··· Source data
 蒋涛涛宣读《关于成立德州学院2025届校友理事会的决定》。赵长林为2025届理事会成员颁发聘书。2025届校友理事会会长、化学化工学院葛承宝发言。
······
··· Source data
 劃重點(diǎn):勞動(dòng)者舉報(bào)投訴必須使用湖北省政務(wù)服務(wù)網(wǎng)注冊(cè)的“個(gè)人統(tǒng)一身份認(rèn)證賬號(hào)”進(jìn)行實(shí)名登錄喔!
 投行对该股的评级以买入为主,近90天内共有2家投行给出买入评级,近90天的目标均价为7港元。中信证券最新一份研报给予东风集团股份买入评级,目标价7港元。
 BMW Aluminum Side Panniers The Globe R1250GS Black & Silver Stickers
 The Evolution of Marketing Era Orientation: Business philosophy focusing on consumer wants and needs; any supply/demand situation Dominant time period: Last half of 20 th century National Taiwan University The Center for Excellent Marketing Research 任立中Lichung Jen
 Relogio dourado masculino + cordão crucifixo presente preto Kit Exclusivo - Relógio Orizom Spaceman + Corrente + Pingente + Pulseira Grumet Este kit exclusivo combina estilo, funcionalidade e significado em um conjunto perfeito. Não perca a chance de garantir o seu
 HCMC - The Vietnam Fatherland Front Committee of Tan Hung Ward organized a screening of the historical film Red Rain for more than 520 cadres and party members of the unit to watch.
······
··· Source data
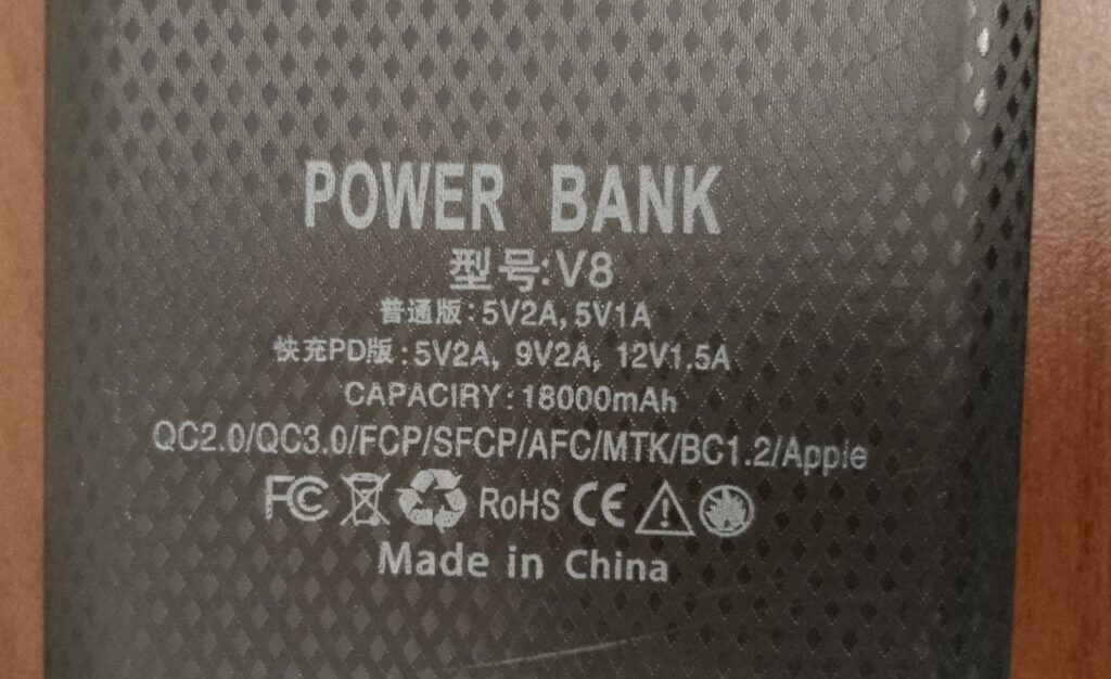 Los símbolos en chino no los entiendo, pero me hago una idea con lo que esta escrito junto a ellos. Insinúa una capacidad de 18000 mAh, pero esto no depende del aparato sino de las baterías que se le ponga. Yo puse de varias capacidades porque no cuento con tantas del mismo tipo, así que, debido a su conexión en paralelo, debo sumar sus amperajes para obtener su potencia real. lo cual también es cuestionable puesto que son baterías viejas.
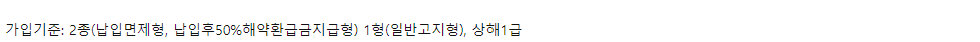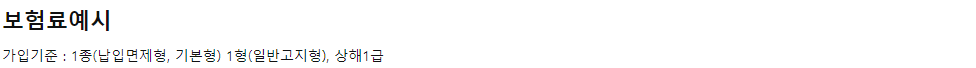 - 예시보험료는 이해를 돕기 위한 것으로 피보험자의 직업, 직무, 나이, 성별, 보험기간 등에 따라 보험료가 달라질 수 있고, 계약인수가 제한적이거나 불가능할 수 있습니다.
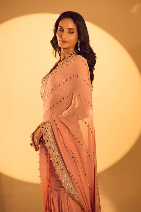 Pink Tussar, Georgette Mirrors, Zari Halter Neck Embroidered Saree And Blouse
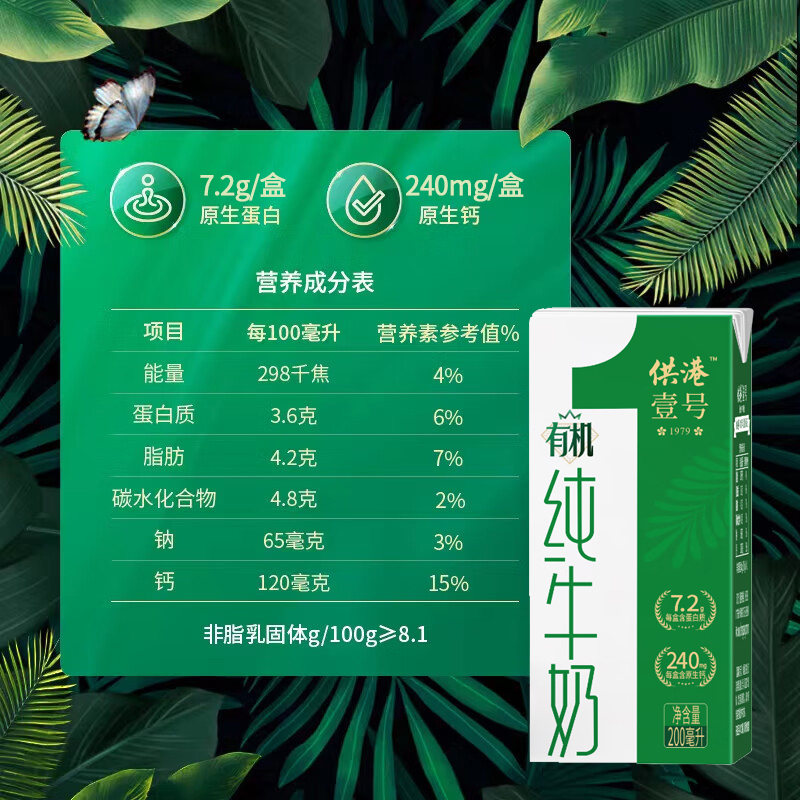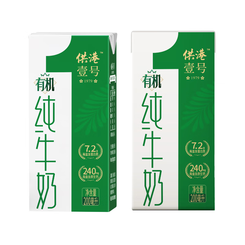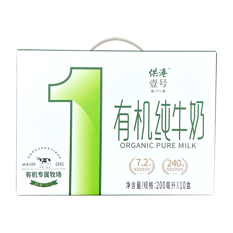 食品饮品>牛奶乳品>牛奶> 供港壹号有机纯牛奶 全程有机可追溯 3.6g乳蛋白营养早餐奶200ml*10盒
······
Exercise brief.
Keep both end lines and retype everything in the records above from the line containing "The Evolution of" through the line containing "HCMC - The Vietnam", exactly, with nothing else.

Task result.
 The Evolution of Marketing Era Orientation: Business philosophy focusing on consumer wants and needs; any supply/demand situation Dominant time period: Last half of 20 th century National Taiwan University The Center for Excellent Marketing Research 任立中Lichung Jen
 Relogio dourado masculino + cordão crucifixo presente preto Kit Exclusivo - Relógio Orizom Spaceman + Corrente + Pingente + Pulseira Grumet Este kit exclusivo combina estilo, funcionalidade e significado em um conjunto perfeito. Não perca a chance de garantir o seu
 HCMC - The Vietnam Fatherland Front Committee of Tan Hung Ward organized a screening of the historical film Red Rain for more than 520 cadres and party members of the unit to watch.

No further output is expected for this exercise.